**Task item:**
Your answer is the lines below, exactly, from the one that contains "- 5 Felder für" through the one that contains "臺電微軟英特爾第七代酷睿二合一平板發布會", both included.

**Source records:**
[Start of Attachment]

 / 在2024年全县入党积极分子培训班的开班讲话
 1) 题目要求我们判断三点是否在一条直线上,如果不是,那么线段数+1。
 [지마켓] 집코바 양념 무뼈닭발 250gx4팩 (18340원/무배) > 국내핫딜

[End of Attachment]
[Start of Attachment]

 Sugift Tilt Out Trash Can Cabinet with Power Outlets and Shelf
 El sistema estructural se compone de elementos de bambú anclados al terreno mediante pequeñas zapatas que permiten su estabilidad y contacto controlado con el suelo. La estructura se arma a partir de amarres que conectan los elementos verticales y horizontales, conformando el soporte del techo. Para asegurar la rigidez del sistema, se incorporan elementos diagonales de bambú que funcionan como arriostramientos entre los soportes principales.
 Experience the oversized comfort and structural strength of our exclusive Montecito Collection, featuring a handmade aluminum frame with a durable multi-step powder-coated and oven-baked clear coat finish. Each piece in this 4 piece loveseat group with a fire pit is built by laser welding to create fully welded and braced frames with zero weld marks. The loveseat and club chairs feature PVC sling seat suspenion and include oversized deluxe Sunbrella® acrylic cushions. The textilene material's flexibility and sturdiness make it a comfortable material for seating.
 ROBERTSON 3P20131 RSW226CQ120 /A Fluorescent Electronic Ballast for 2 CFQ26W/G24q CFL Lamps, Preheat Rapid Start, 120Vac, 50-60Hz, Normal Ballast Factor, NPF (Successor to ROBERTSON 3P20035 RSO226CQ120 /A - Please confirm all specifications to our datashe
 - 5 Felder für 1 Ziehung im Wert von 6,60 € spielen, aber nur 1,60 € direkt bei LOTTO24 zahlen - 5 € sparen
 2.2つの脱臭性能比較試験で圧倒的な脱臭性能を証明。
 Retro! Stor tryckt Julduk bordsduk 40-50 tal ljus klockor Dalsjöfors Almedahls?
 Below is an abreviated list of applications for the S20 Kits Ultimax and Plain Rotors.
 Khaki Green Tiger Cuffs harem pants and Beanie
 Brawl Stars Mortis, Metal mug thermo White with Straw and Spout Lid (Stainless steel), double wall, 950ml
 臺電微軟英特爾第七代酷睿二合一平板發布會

[End of Attachment]

**Task output:**
 - 5 Felder für 1 Ziehung im Wert von 6,60 € spielen, aber nur 1,60 € direkt bei LOTTO24 zahlen - 5 € sparen
 2.2つの脱臭性能比較試験で圧倒的な脱臭性能を証明。
 Retro! Stor tryckt Julduk bordsduk 40-50 tal ljus klockor Dalsjöfors Almedahls?
 Below is an abreviated list of applications for the S20 Kits Ultimax and Plain Rotors.
 Khaki Green Tiger Cuffs harem pants and Beanie
 Brawl Stars Mortis, Metal mug thermo White with Straw and Spout Lid (Stainless steel), double wall, 950ml
 臺電微軟英特爾第七代酷睿二合一平板發布會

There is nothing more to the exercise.